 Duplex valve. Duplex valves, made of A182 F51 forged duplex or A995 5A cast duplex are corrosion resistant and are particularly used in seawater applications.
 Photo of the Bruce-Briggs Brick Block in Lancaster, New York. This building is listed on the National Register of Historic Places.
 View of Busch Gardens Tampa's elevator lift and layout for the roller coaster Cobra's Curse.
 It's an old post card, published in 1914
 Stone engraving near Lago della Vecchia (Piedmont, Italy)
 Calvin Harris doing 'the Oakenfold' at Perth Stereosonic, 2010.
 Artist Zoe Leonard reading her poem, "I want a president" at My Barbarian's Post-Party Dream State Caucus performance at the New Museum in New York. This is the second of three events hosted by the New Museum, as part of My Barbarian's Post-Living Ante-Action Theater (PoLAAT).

————

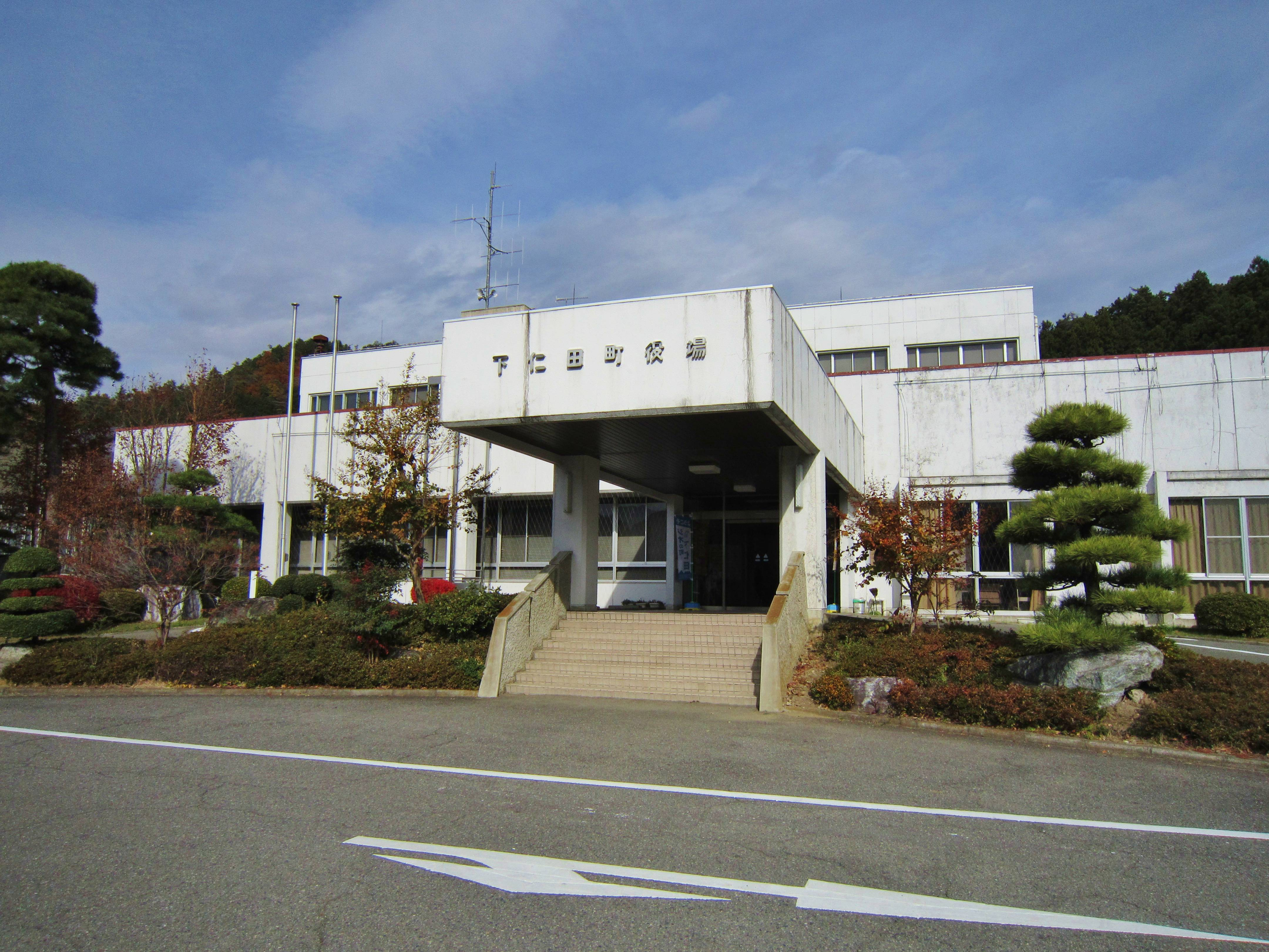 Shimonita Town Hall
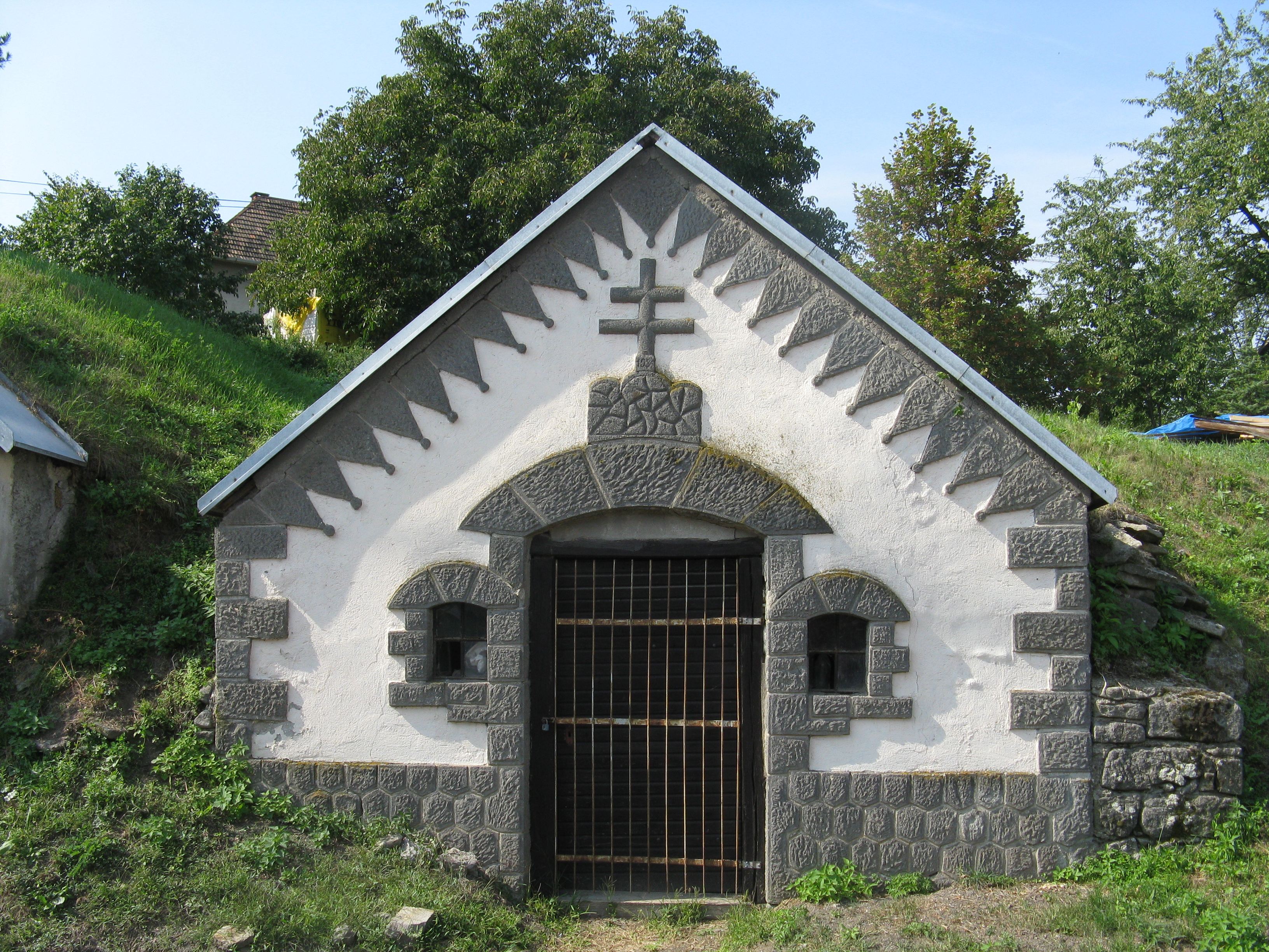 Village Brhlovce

————

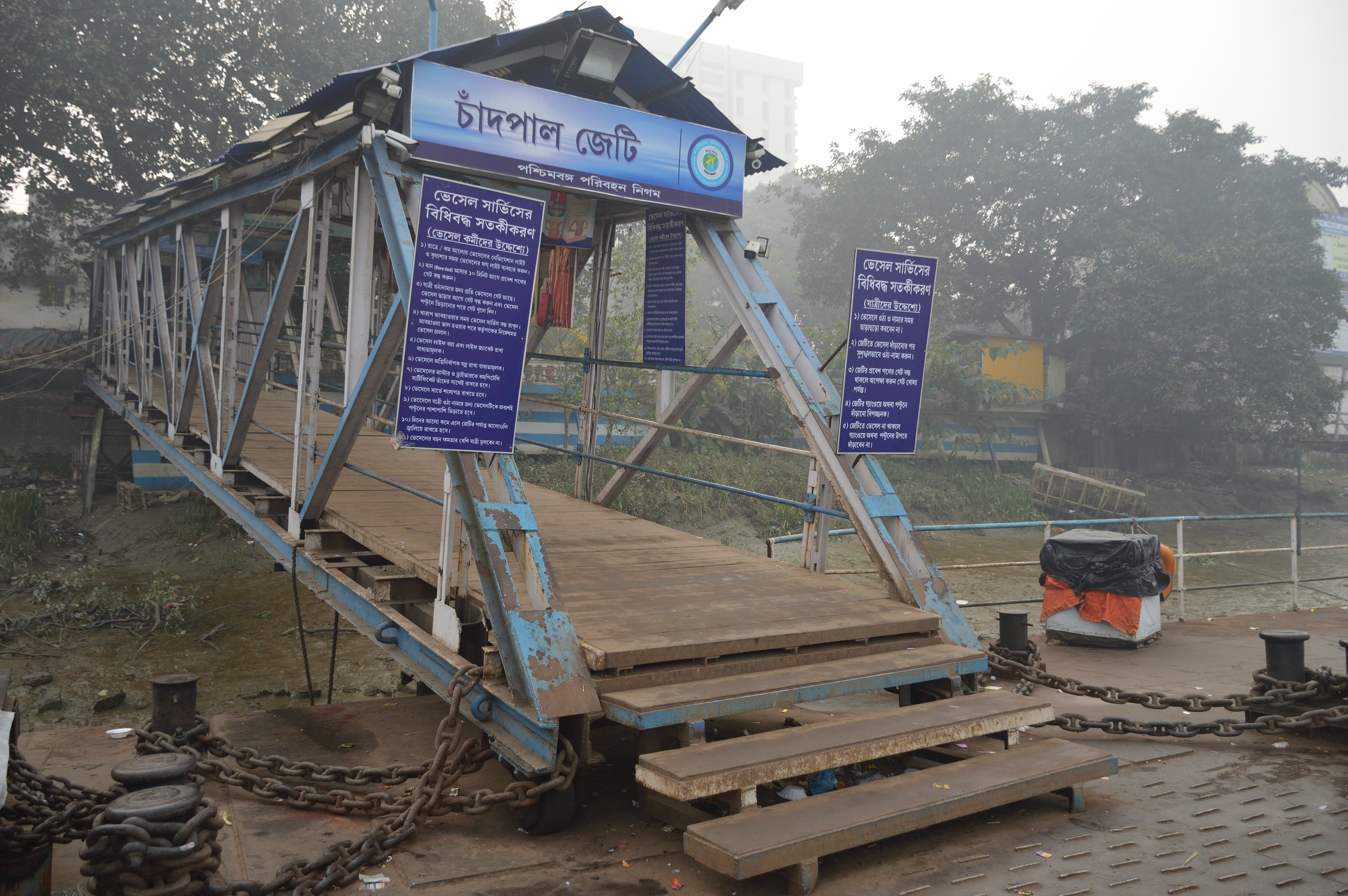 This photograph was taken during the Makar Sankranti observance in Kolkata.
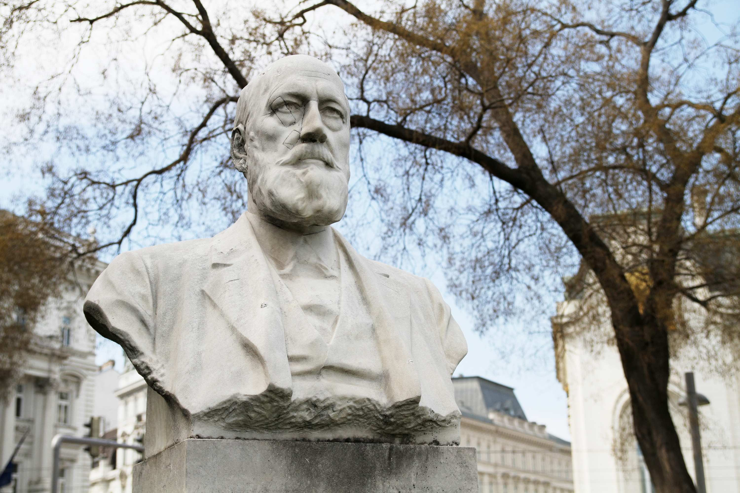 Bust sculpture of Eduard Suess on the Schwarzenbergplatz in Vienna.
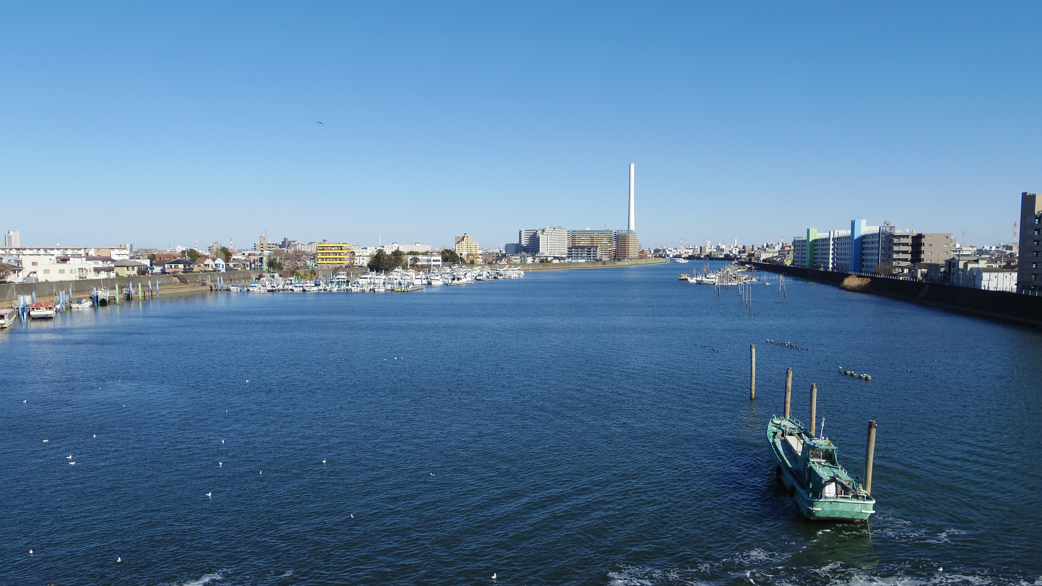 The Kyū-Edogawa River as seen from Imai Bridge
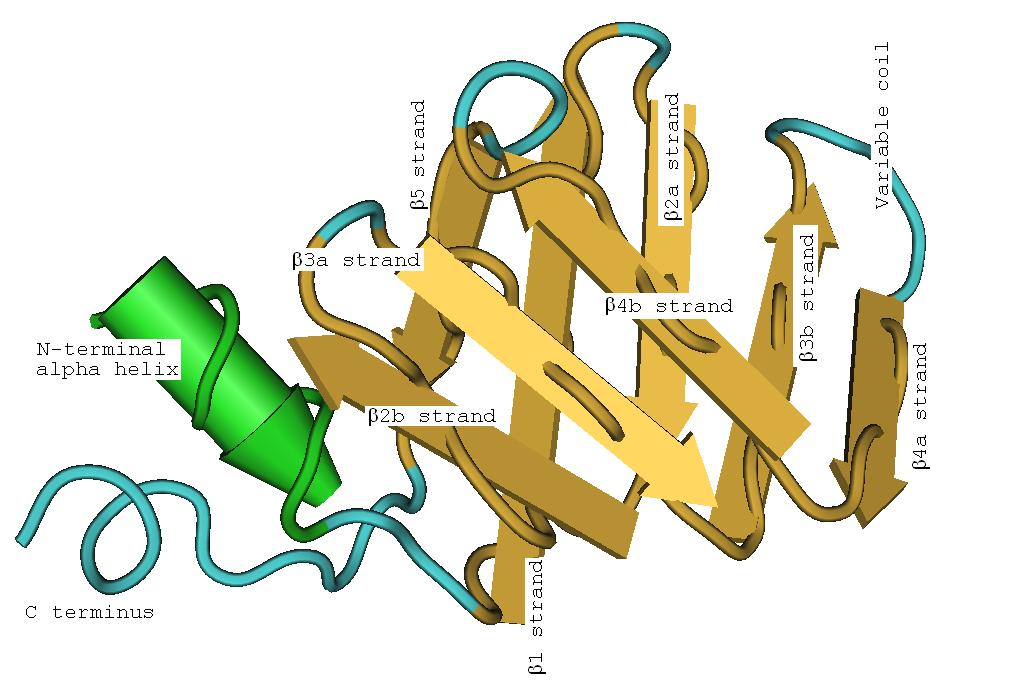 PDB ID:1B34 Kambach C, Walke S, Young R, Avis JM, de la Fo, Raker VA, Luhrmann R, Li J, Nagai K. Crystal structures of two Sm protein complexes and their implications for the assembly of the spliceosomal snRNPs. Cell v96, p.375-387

————

*PROBLEM REQUIREMENTS*:
Leaving pictures out, output the lines of the data above from the one with "The Kyū-Edogawa River" through the one with "PDB ID:1B34 Kambach", word for word.

*THE COMPLETED TASK*:
 The Kyū-Edogawa River as seen from Imai Bridge
 PDB ID:1B34 Kambach C, Walke S, Young R, Avis JM, de la Fo, Raker VA, Luhrmann R, Li J, Nagai K. Crystal structures of two Sm protein complexes and their implications for the assembly of the spliceosomal snRNPs. Cell v96, p.375-387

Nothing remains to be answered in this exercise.